++++ GIVEN RECORDS
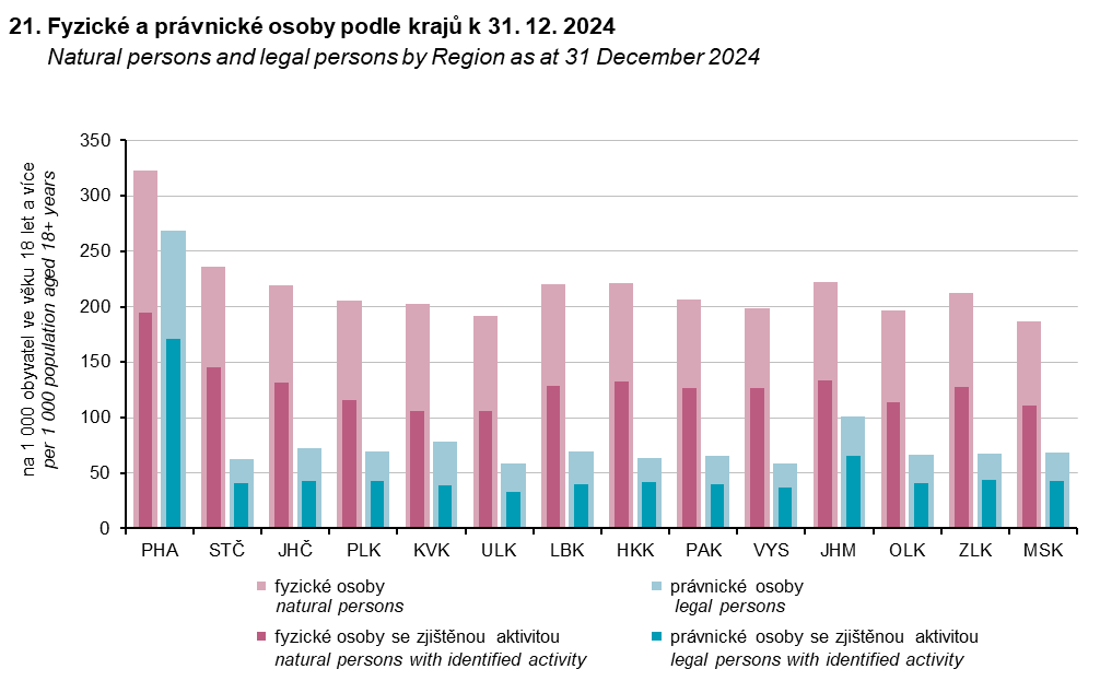 Graf 21 Fyzické a právnické osoby podle krajů k 31. 12. 2024
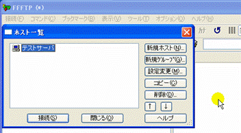 そして、今回は、すでに設定してあるテストサーバへ、接続をしてみたいと思います。
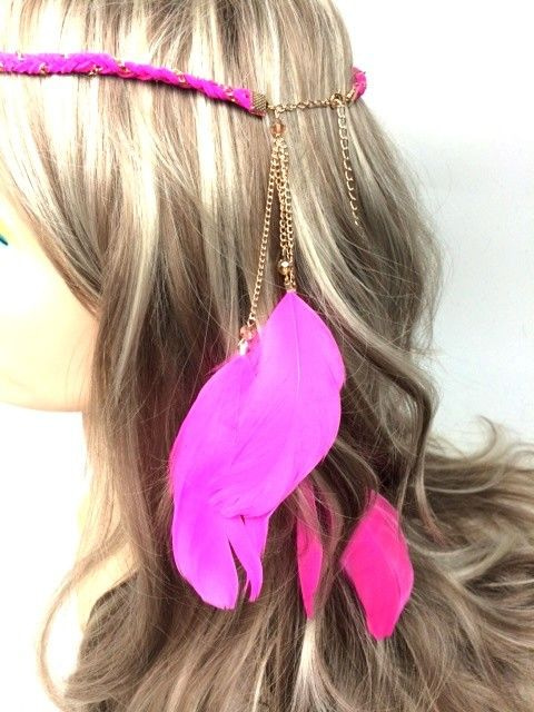 S_600026C - IBIZA LOOK BRAIDED HAIR BAND WITH FEATHERS FUCHSIA (1st)
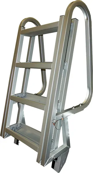 One of the greatest features of the ST Ladder is its fold down-up design. By releasing the locking pin the ladder folds to a comfortable 20 degree angle in the water. This keeps the ladder steps out of the water, free of floating debris and makes for effortless winter storage. The top steps have a slight ovular shape with comfortable ridges for traction and comfort.
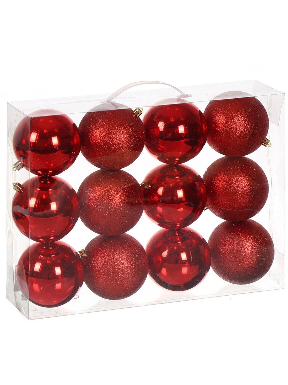 Елочные шары 12 шт, красные, 10 см — эффектное украшение для дома и улицы: не бьются, подходят для больших елей, выгодный набор для стильного Нового года.
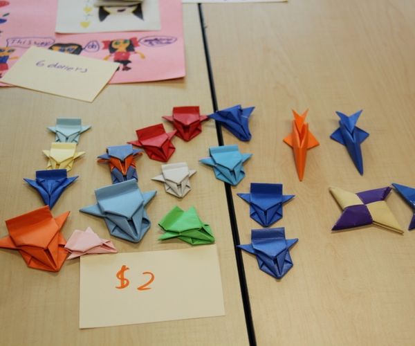 When market day arrived, students were given time to set up their stall, hang their advertisements and lay out their products. They were buzzing with excitement and ready to sell everything they had made and make some money. We invited our grade 5 buddies to come and see what we had been learning. We also shared our learning with other grade 2 classes.
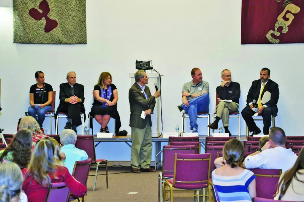 The panel consisted of Minister Andy Bratton of Kalkaska Church of Christ, Fr. Norm Dickson of Saint Mary of the Woods Catholic Church, Pam Ovshinsky of the Petoskey Temple B’nai Israel, Scott Blair of the Grand Traverse Humanists, Cecelia LaPointe from Red Circle Consulting and Detroit-based attorney Tim Attalla.Steve Spreitzer, president of the Michigan Roundtable for Diversity and Inclusion, moderated the event
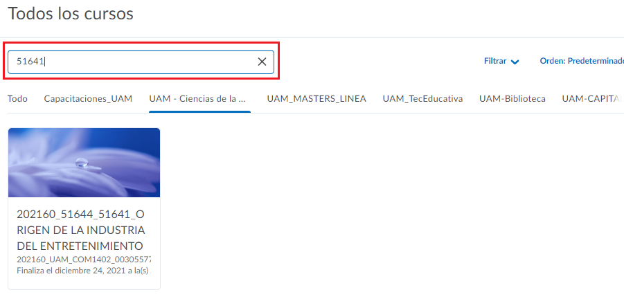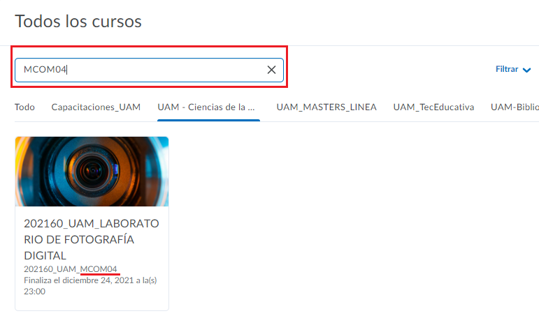 Ahora, veremos como encontrar un curso en específico.
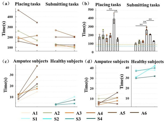 Results of the objective measures: (a) results of the placing and submitting task, with circles and forks representing the first and third trials, respectively; (b) bar charts of the placing and submitting tasks performed by six amputee participants, with the orange and blue dashed lines representing the standard time spent on the submitting task and the placing task, respectively; and (c) results of the ADL task, with circles and forks representing the average completion time (CT) for the simple task group and the complex task group, respectively; (d) results of the BBT task, with circles and forks representing the first and fifth trials, respectively. Note: ** indicates p < 0.01.
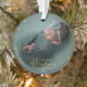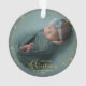 L'ornement photo de Noël personnalisable pour les nouveau-nés présente une photo de bébé préférée de chaque côté, avec "Notre premier Noël" élégamment revêtu de calligraphie dorée. Personnalisez-le avec le nom et la date de votre bébé.
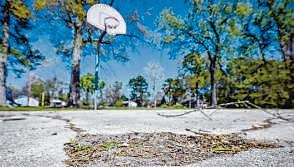 Blueberry Street Park has large cracks and holes.
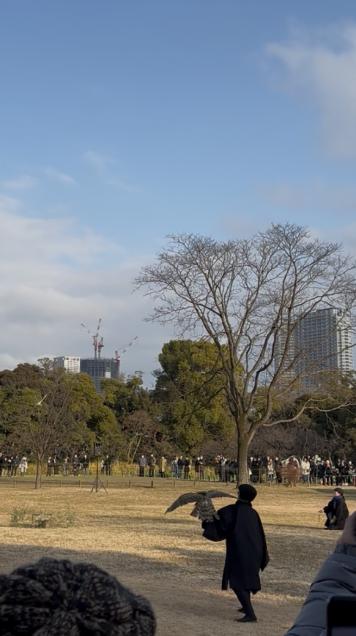 浜離宮恩賜庭園では、お正月に放鷹術の実演を行います。
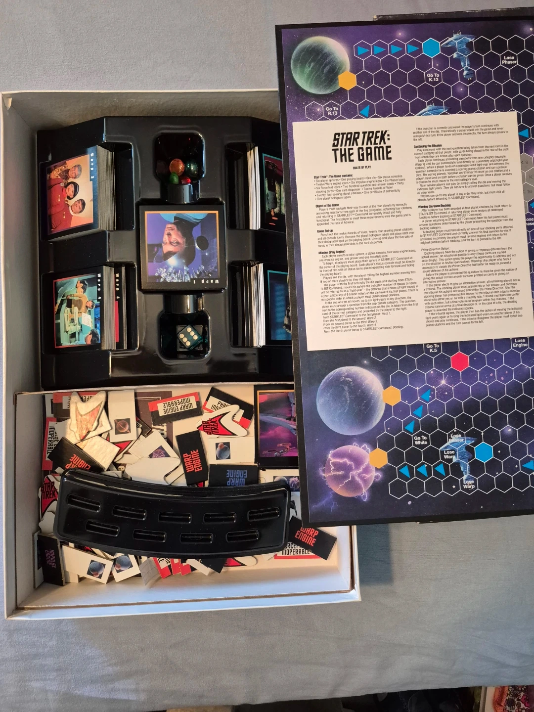Star Trek: The Game Collector's Edition board game. It's a strategic game of logic, trivia, and chance. Includes game board, cards, and dice.
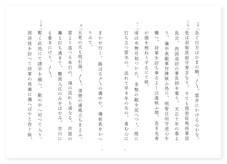 シテ 羽柴秀吉 トモ 従者 ワキ 明智光秀 所 京 時 六月 次第「急ぐ行方はひまの駒。〳〵。雲井にかける心かな。 シテ詞「是は羽柴筑前守秀吉なり。さても我君征夷将軍信長公。西国追討の事其仰を蒙り。天正十年の春より。備中表敵軍対陣候ふ処に。明智日向守逆心を構へ。将軍を討ち奉るよし注進候ふ間。急ぎ光秀が頭を刎ねうずるにて候。 サシ「頃は水無月初つかた。多勢の敵を従へつゝ。既に打ち立つ雲水の。流れて早き年の矢の。勇む心にまかせ行く。跡はる〴〵の備中や。備前表をかへりみて。 歌「五更の天も明石潟。〳〵。須磨の浦風立ちまよふ。雲より落つる布引の。滝の流れも遥なる。芦屋の灘も打ち過ぎて。難波入江のみをはやみ。芥川にも着きにけり。〳〵。 シテ詞「暫く此処にて諸卒を揃へ。敵の中へ切つて入り。彼逆徒を討つて将軍の供養に備へばやと存じ候。如何に誰かある。 トモ「御前に候。 シテ「皆々近う寄つて物語を聞き候へ。 クリ地「抑人間界と申すは。佳月光りを顕はせば。狂雲之を妬み。王者明かならんとすれば。又讒臣之を掩ふとかや。 シテサシ「さて光秀が行跡といつぱ。外には柔和忍辱の姿。 地「内には逆心無道の。心の奥は白真弓。 シテ「もとより君の身を任せ。 地「やみ〳〵と討たれ給ふ。御運の程こそ悲しけれ。 クセ「されば秀吉は。名におふ城の高松に。水せきかけて攻めて寄る。波にしづめてうたかたの。あはれを掛けて後詰の。其猛勢に取り向ひ。攻伐既に半ばなるに。将軍討たれ給ふぞと。注進ひそかにありしより。肝たましひも消え返り。涙に咽ぶばかりなり。心弱くて叶はじと。いよ〳〵陣を取り寄せ。味方の胸を静めんと。一首の歌にかくばかり。 シテ「両川の。一つになりて落ち行けば。 地「もり高松も藻屑なりけりと。よむ言の葉に違はず。城主腹を切りぬれば。其援兵も退けて。文武の道を兼ね備へ。涙の屯を引き払ひ。夜を日についで登りつゝ。敵を討たん心ざし。感ぜぬ人はよもあらじ。 シテ「然るに楚国の懐王の。項羽に討たれ給ふ時。 地「漢の高祖は之を聞き。烏江の流れ打ち渡り。主君の敵を討ち給ひ。四海を静め給ふ事。是天命にあらずや。それは七十余度の戦。今は一戦にて本懐を。達すべきとのものゝふの。やたけ心ぞ恐ろしき。 シテ「時刻移して叶ふまじ。日影を見れば斜なる。雲の旗手の天つ空。水なき月の水無瀬川。山もとつたひ山崎の。宿の東に打ち出だし。敵陣近く寄せてゆく。 ワキ「抑是は。明智日向守光秀とは我事なり。 詞「某一たび天下に心を掛け。名を後代に留めんがため。将軍を討ち奉つて候。然る処に羽柴筑前守馳せ向ひ候ふ間。 カヽル「一戦に及び勝負を決すべしと。 地「言ひもあへぬに寄手より。〳〵。声々鬨を作りかけ。刃を揃へてかゝりけり。 ワキ「其時光秀は。〳〵。先勢早く崩るれば。叶ふまじとや思ひけん。先づ勝龍寺に逃げ籠り。日も呉竹の夜に入りて。物あひ見えずなり果てゝ。敵の人数に打ちまぎれ。淀鳥羽さして落ち行くを。秀吉追ひ掛け給ひつゝ。何くまでかは遁すべきと。甲の真向打ち割り給へば。足弱車の廻る因果は。是なりけりと。思ふ敵に白波の。寄りては討ち返りては討ち。たゝみ重ねて百たび千たび打つ太刀に。今ぞ恨も晴れてゆく。天下に名をも賜る身の。忠勤こゝに顕はるゝ。威光の程こそゆゝしけれ。 底本:国立国会図書館デジタルコレクション『古今謡曲解題』丸岡桂 著、『謡曲評釈 第九輯』大和田建樹 著
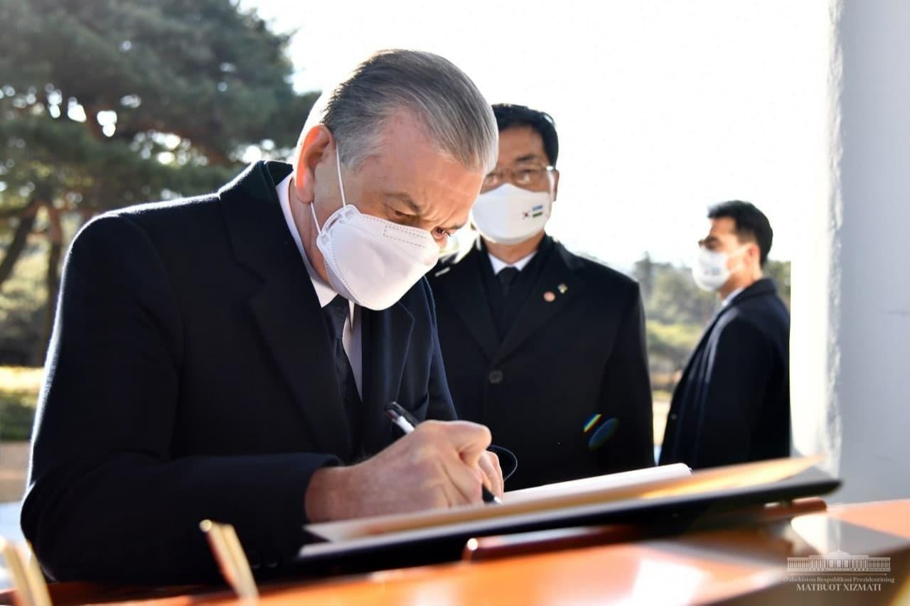 Shavkat Mirziyoyev, together with his spouse, laid a wreath at the memorial and left a commemorative plaque, which will later be exhibited in the museum of the complex.
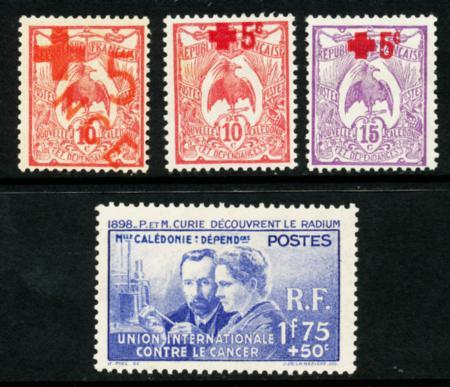 New Caledonia. Scott B1-B4, F-VF H, 1915-1938 semi-postal stamps CV $21.00 (Image)
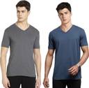 JOCKEY Pack of 2 Men Solid V Neck Pure Cotton Grey, Dark Blue T-Shirt
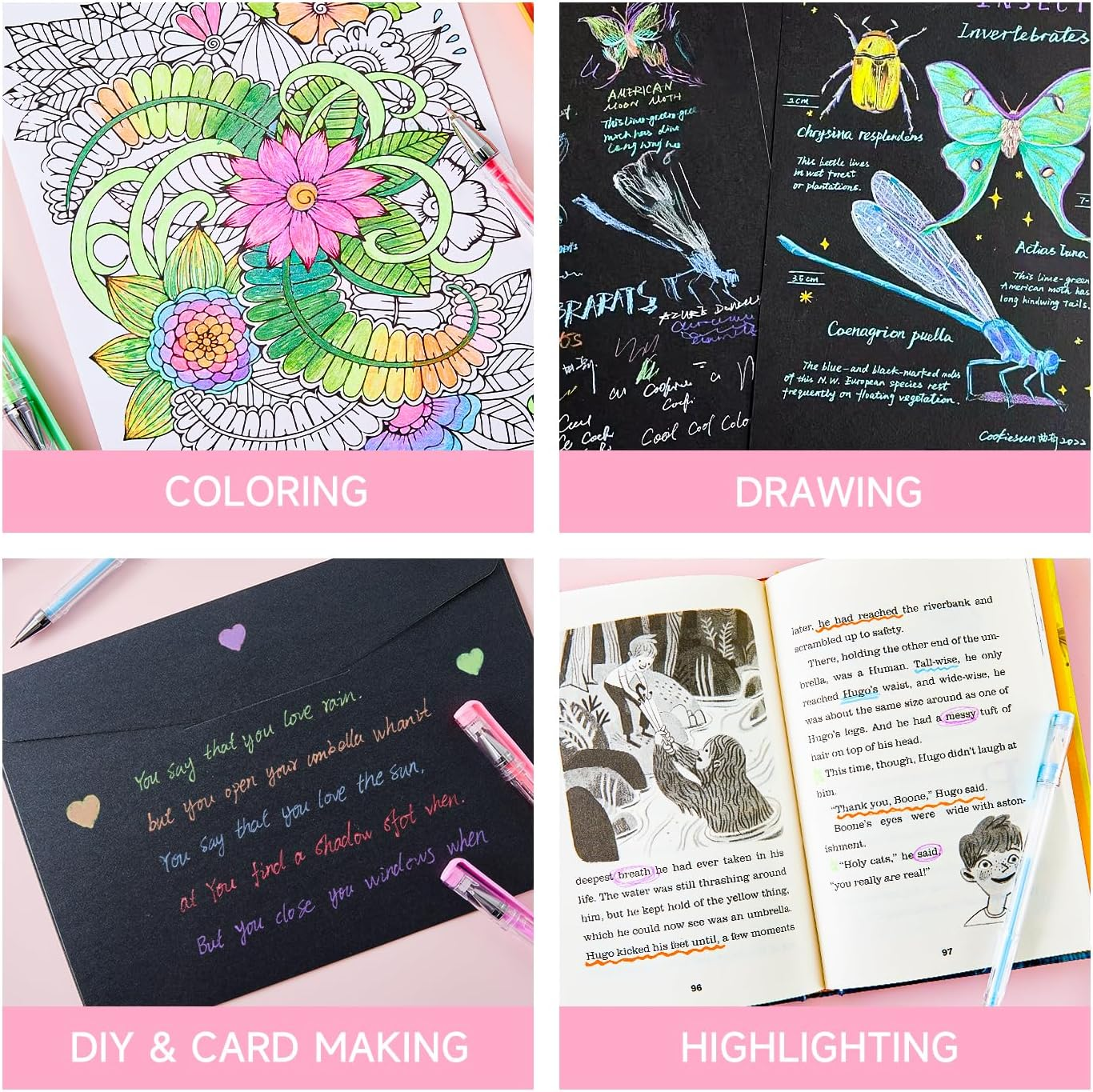 - VARIETY OF USES: This versatile gel pen set is non-toxic and acid-free, conforming to ASTM-D4236 standards. Ideal for bullet journaling, sketching, drawing, writing, and coloring books, these pens are perfect for enhancing scrapbooks, school projects, party invitations, greeting cards, DIY decorations, and letters to friends and family.
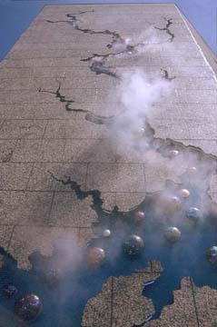 The River Sculpture is a celebration of water, the universal source of life. In a site-specific development, the wall of the Grove Hotel is transformed into a vertical river cut into the granite skin of the building. Neon, fog, fused glass, and a light reactive background are incorporated, visually transforming from day to night. The dynamic interplay of water and light is projected out from the two dimensional plane of the riverbed into three dimensions, creating an effect of looking into reflective water. Research revealed the existence of a network of canals beneath the city streets, and the Boise City Canal beneath the new hotel. This work acknowledges the existence of this water by releasing it so that it appears to burst out of the ground and reclaim the wall. The river imagery grows directly out of the importance and connection of the life and inhabitants of the City to the river. Location:
++++++++
Whatever lies between the first line of the data and the line holding "Елочные шары 12", inclusive, should be repeated exactly, apart from the pictures.

 Graf 21 Fyzické a právnické osoby podle krajů k 31. 12. 2024
 そして、今回は、すでに設定してあるテストサーバへ、接続をしてみたいと思います。
 S_600026C - IBIZA LOOK BRAIDED HAIR BAND WITH FEATHERS FUCHSIA (1st)
 One of the greatest features of the ST Ladder is its fold down-up design. By releasing the locking pin the ladder folds to a comfortable 20 degree angle in the water. This keeps the ladder steps out of the water, free of floating debris and makes for effortless winter storage. The top steps have a slight ovular shape with comfortable ridges for traction and comfort.
 Елочные шары 12 шт, красные, 10 см — эффектное украшение для дома и улицы: не бьются, подходят для больших елей, выгодный набор для стильного Нового года.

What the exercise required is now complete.